WORK TO BE COMPLETED -
With pictures left out, output exactly the lines of the listing below from the line that has "ручных орудий труда." to the line that has "A kapunyitás 8.50-kor", both lines kept.
START RECORD SET
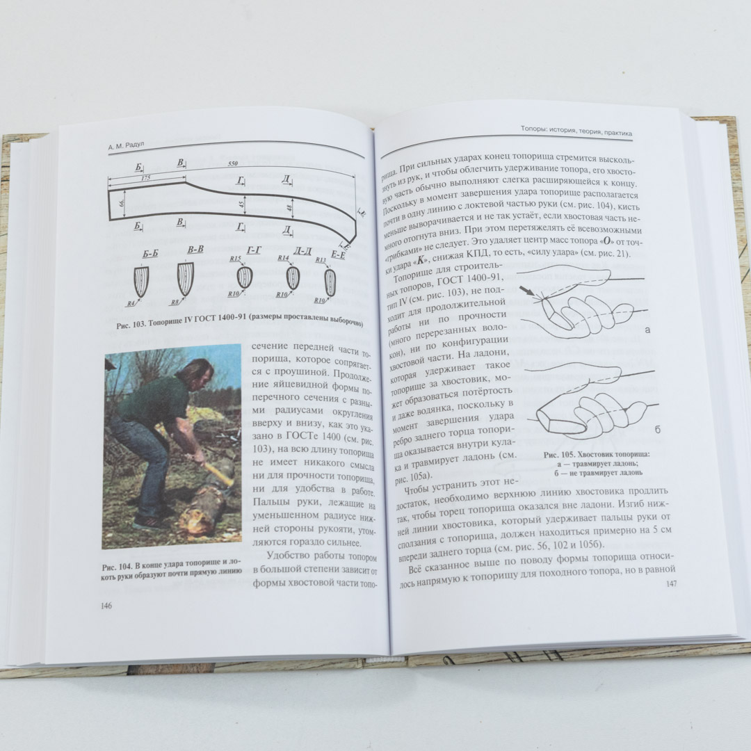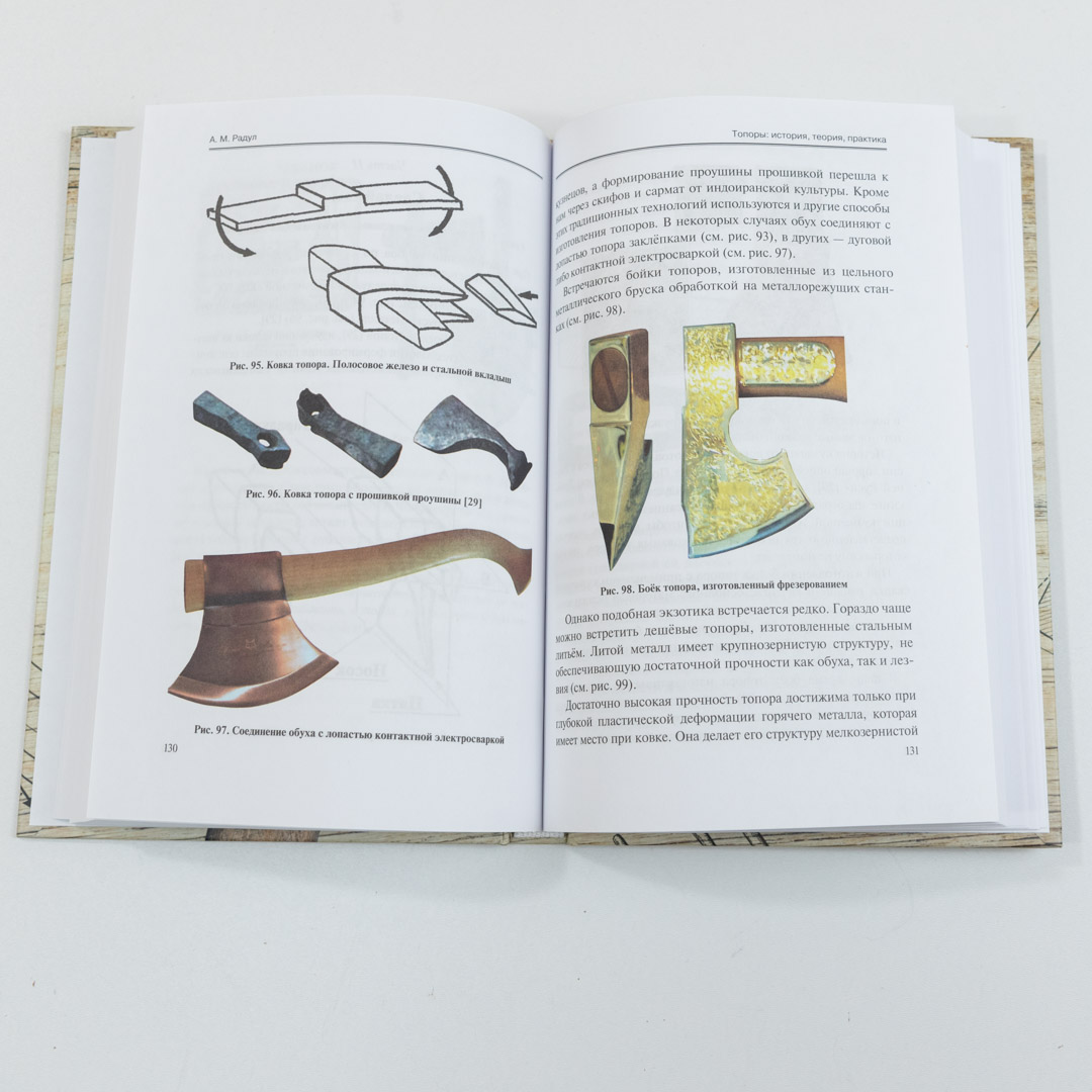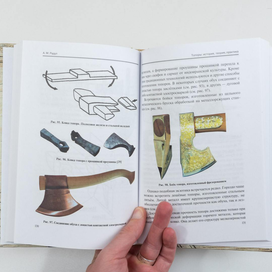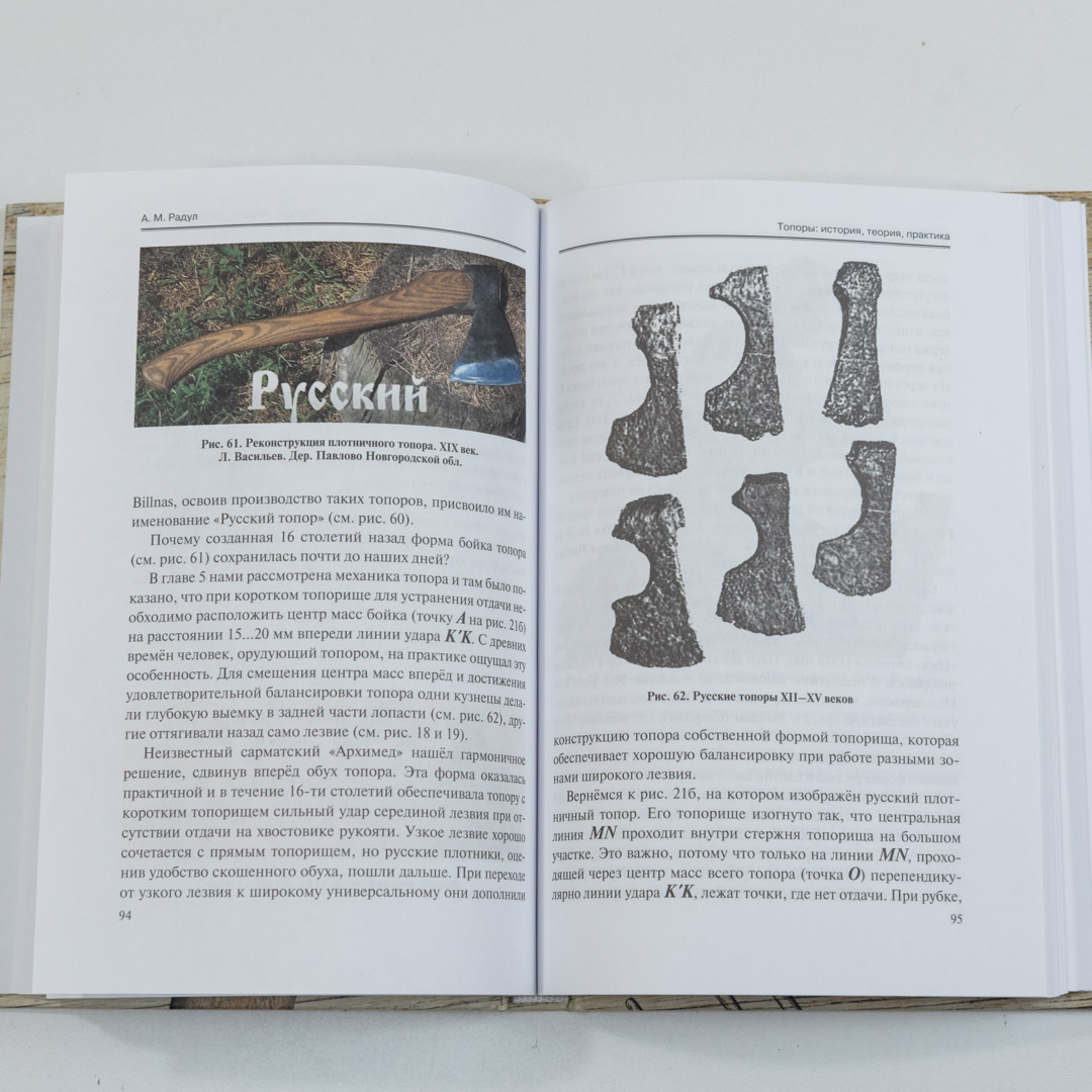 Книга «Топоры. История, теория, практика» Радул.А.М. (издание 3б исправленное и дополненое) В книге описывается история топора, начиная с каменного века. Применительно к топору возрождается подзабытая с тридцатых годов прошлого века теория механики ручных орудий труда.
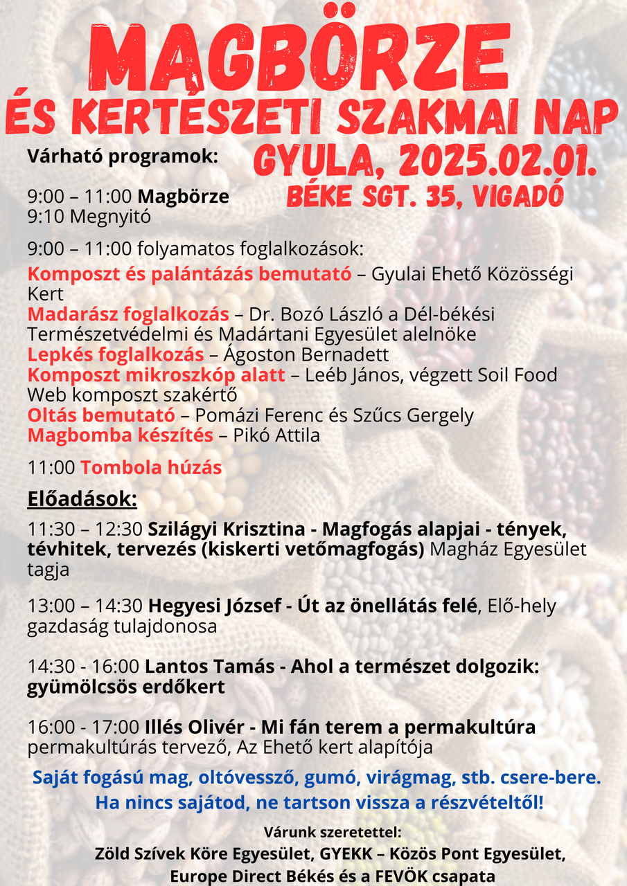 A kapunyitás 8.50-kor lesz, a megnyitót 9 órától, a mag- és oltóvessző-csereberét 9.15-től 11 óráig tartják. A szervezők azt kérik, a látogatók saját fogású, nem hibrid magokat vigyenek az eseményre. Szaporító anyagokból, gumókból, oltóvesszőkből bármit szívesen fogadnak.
END RECORD SET
START RECORD SET
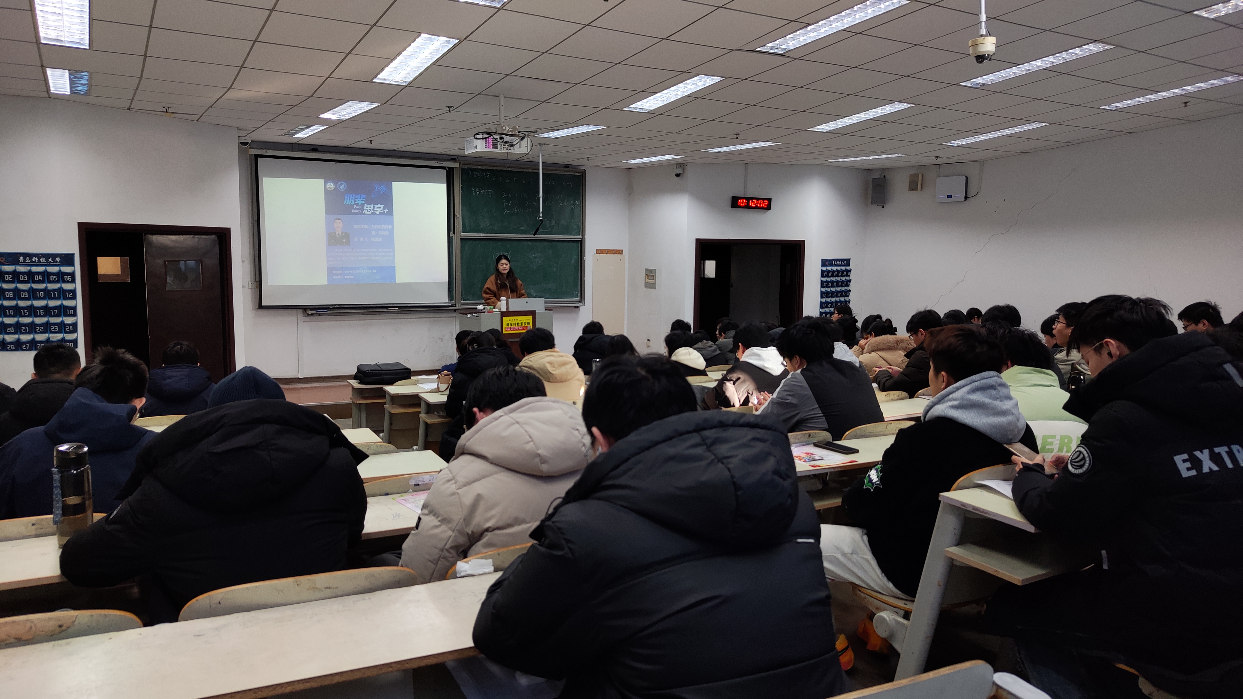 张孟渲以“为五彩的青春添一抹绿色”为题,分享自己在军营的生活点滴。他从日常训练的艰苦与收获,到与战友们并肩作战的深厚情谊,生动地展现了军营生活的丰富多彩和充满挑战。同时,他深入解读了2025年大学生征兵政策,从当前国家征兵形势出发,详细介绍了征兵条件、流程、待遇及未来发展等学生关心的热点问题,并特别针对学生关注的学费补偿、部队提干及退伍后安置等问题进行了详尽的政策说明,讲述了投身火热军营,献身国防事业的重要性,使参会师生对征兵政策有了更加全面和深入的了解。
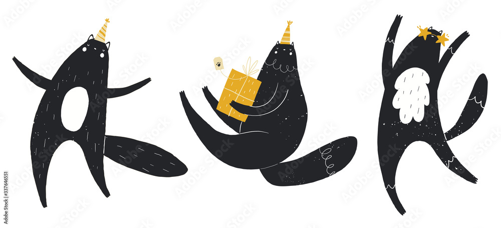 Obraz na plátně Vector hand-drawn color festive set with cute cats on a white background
END RECORD SET
START RECORD SET
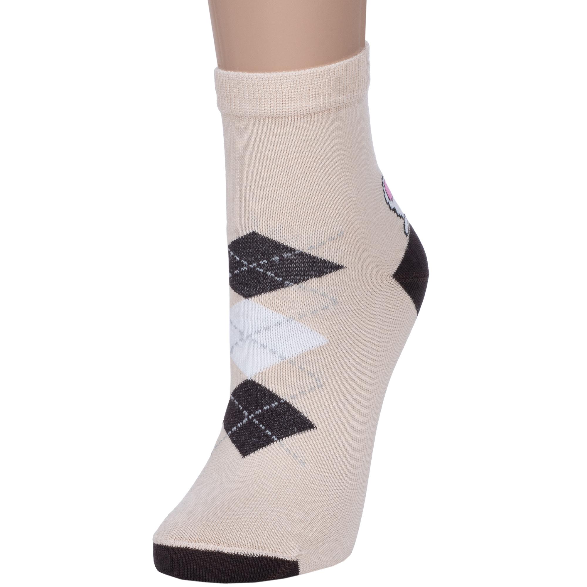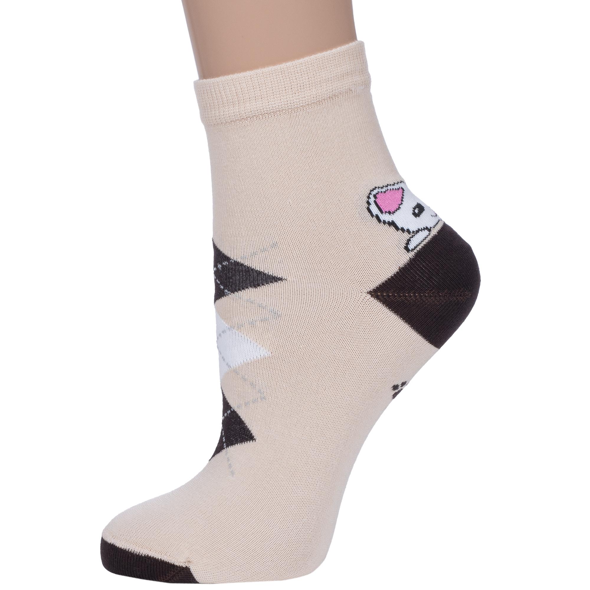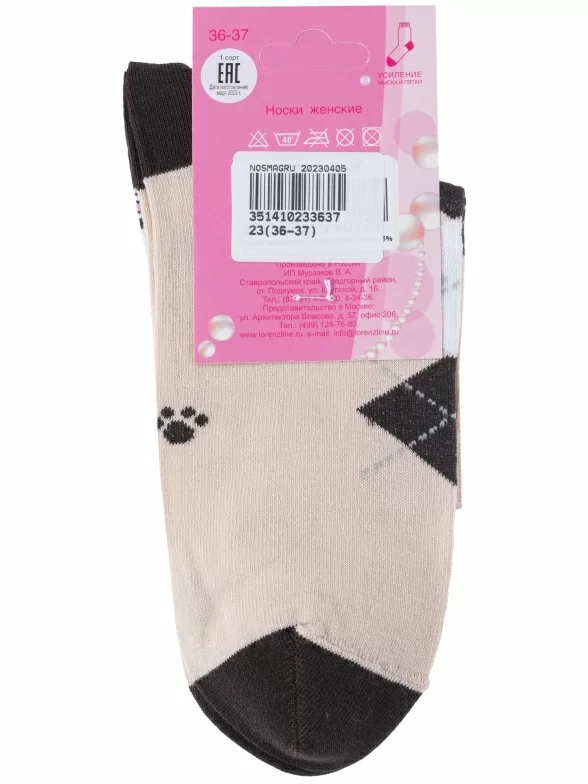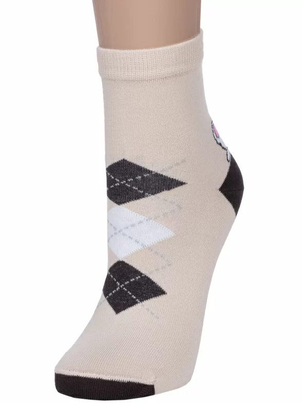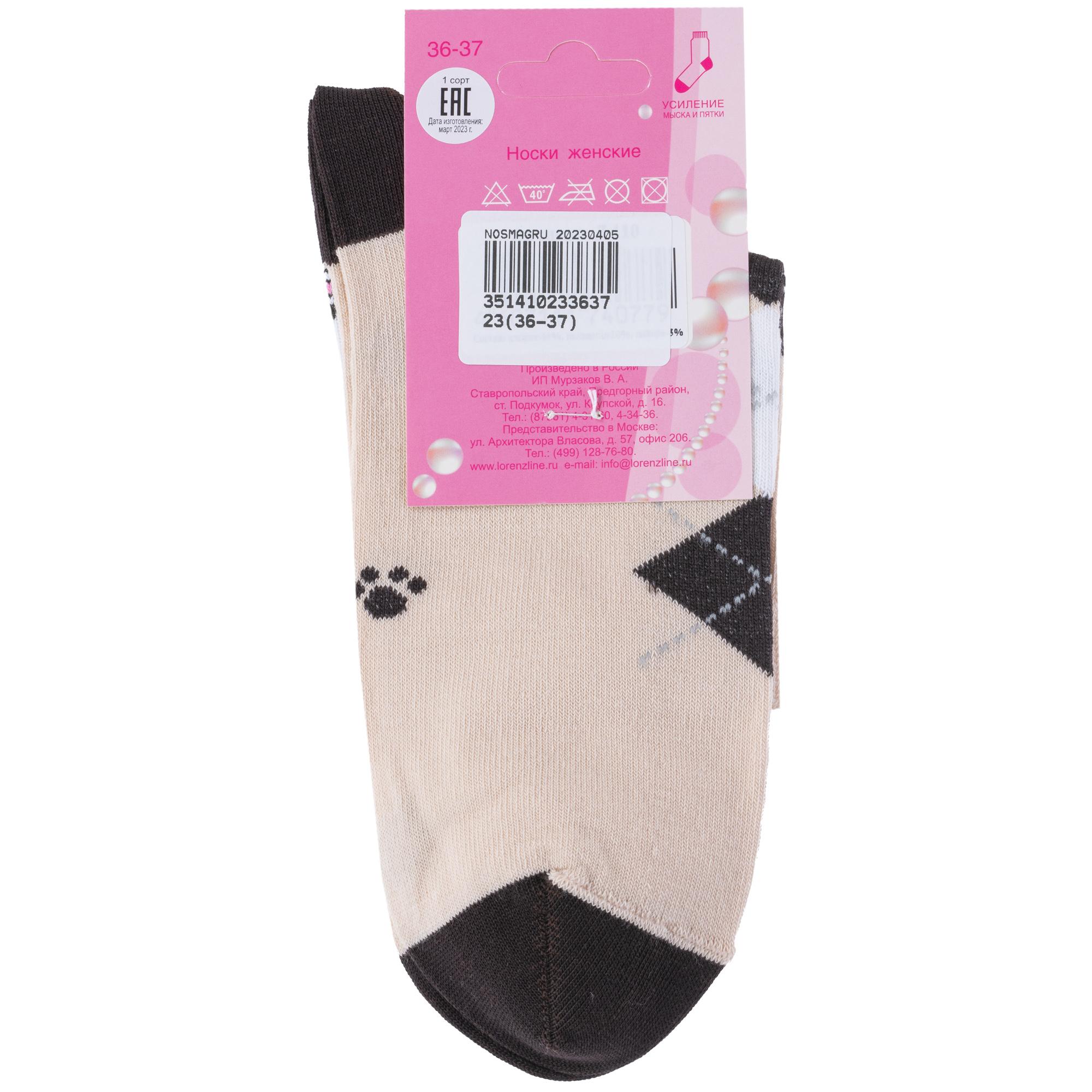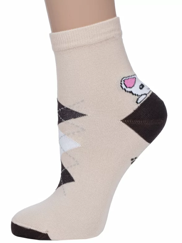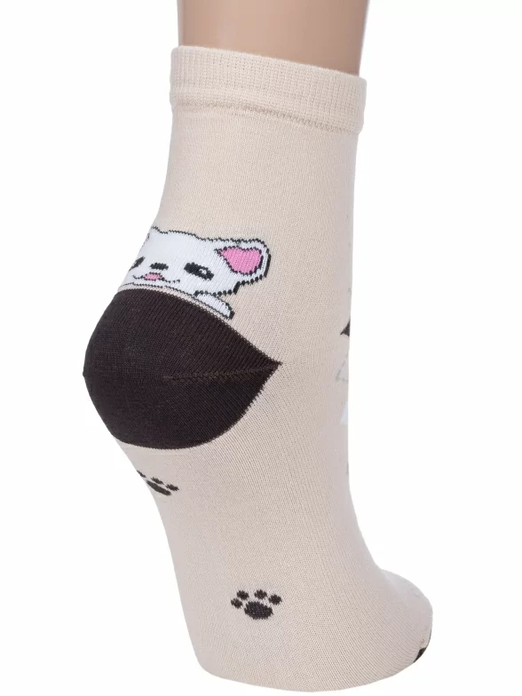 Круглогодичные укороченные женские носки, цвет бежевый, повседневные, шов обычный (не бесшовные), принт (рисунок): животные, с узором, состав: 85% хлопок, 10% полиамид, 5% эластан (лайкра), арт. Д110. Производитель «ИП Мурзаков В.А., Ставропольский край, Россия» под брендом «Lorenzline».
END RECORD SET
WRITTEN ANSWER -
 Книга «Топоры. История, теория, практика» Радул.А.М. (издание 3б исправленное и дополненое) В книге описывается история топора, начиная с каменного века. Применительно к топору возрождается подзабытая с тридцатых годов прошлого века теория механики ручных орудий труда.
 A kapunyitás 8.50-kor lesz, a megnyitót 9 órától, a mag- és oltóvessző-csereberét 9.15-től 11 óráig tartják. A szervezők azt kérik, a látogatók saját fogású, nem hibrid magokat vigyenek az eseményre. Szaporító anyagokból, gumókból, oltóvesszőkből bármit szívesen fogadnak.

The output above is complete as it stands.